--- START ---
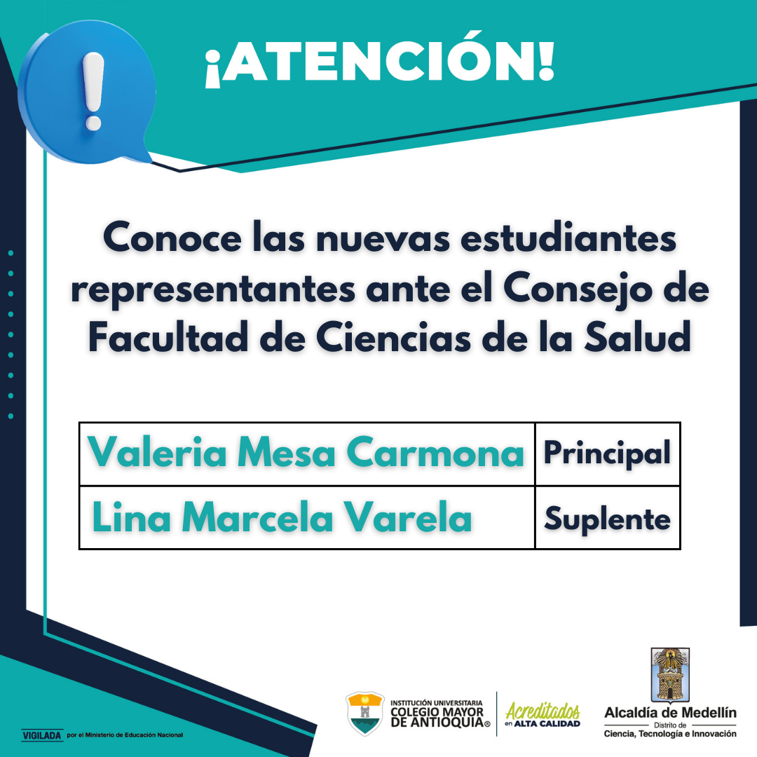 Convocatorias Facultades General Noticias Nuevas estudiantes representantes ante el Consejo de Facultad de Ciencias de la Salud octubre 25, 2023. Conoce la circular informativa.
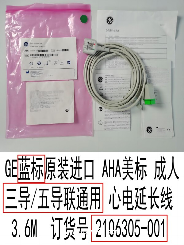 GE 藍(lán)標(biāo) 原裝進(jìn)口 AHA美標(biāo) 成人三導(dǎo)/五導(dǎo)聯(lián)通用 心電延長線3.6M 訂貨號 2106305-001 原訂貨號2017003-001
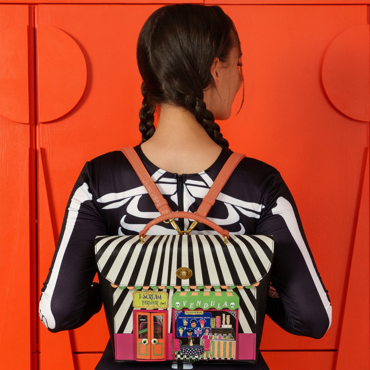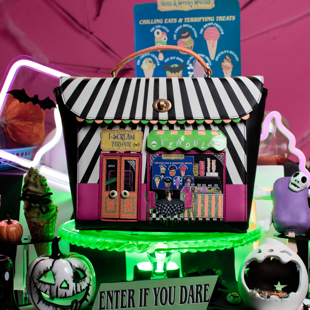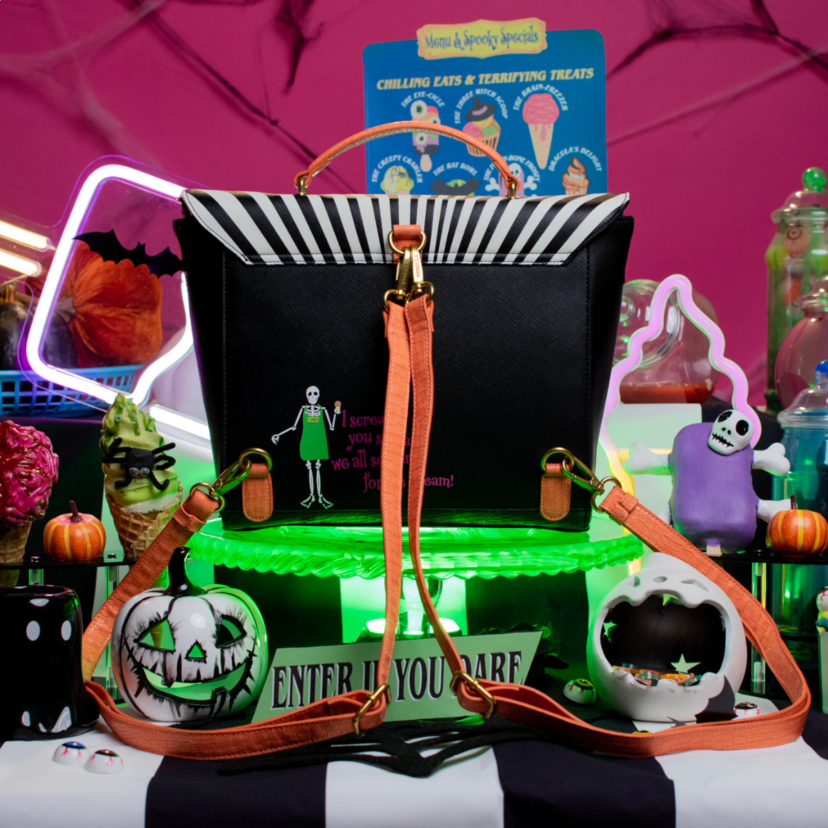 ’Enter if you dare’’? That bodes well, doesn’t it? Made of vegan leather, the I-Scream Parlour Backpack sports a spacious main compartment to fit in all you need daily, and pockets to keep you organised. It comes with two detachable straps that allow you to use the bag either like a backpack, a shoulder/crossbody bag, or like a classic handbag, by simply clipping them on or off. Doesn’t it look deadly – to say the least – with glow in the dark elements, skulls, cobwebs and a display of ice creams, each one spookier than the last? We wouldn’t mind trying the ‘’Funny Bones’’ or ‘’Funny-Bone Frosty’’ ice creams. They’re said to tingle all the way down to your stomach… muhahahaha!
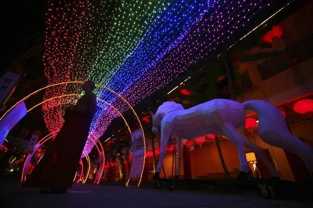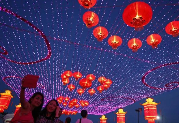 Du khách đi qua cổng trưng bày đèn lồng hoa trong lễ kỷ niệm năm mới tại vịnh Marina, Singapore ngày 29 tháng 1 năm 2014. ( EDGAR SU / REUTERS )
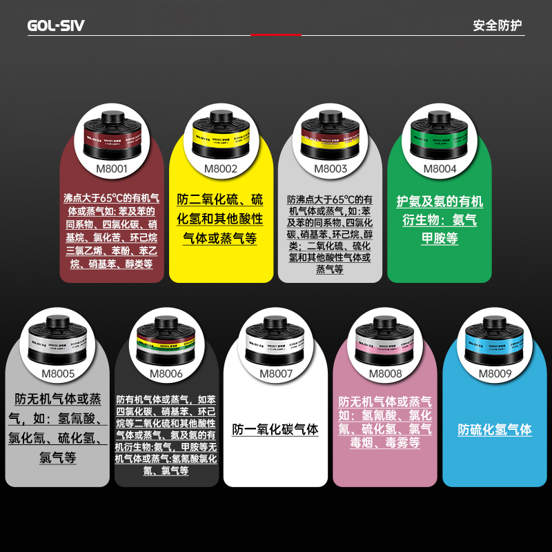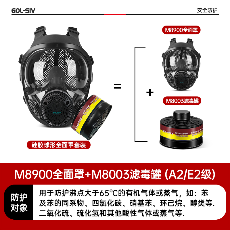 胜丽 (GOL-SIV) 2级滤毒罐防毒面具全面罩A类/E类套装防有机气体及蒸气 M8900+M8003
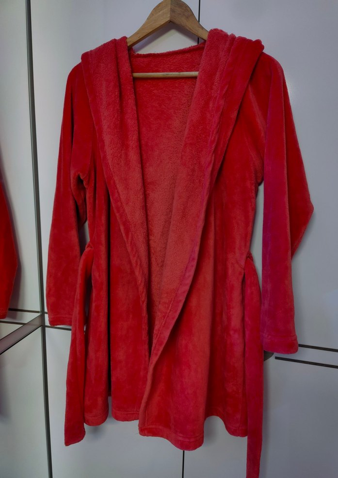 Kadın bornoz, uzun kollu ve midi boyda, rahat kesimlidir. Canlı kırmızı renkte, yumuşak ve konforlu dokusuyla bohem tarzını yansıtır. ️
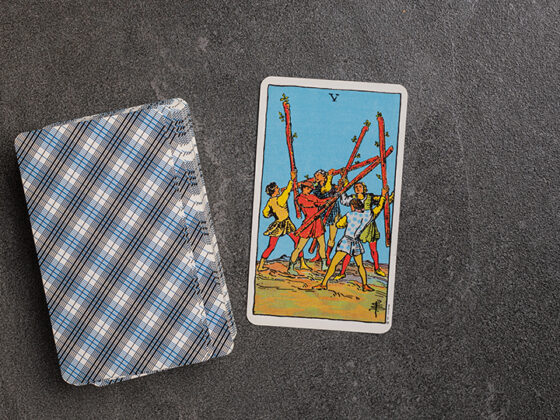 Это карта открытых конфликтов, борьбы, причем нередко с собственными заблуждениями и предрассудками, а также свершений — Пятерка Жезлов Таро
--- END ---
▸ **What is being asked**
Whatever lies between the first line of the data and the line holding "GE 藍(lán)標(biāo) 原裝進(jìn)口", inclusive, should be repeated exactly, apart from the pictures.

▸ **Completed exercise**
 Convocatorias Facultades General Noticias Nuevas estudiantes representantes ante el Consejo de Facultad de Ciencias de la Salud octubre 25, 2023. Conoce la circular informativa.
 GE 藍(lán)標(biāo) 原裝進(jìn)口 AHA美標(biāo) 成人三導(dǎo)/五導(dǎo)聯(lián)通用 心電延長線3.6M 訂貨號 2106305-001 原訂貨號2017003-001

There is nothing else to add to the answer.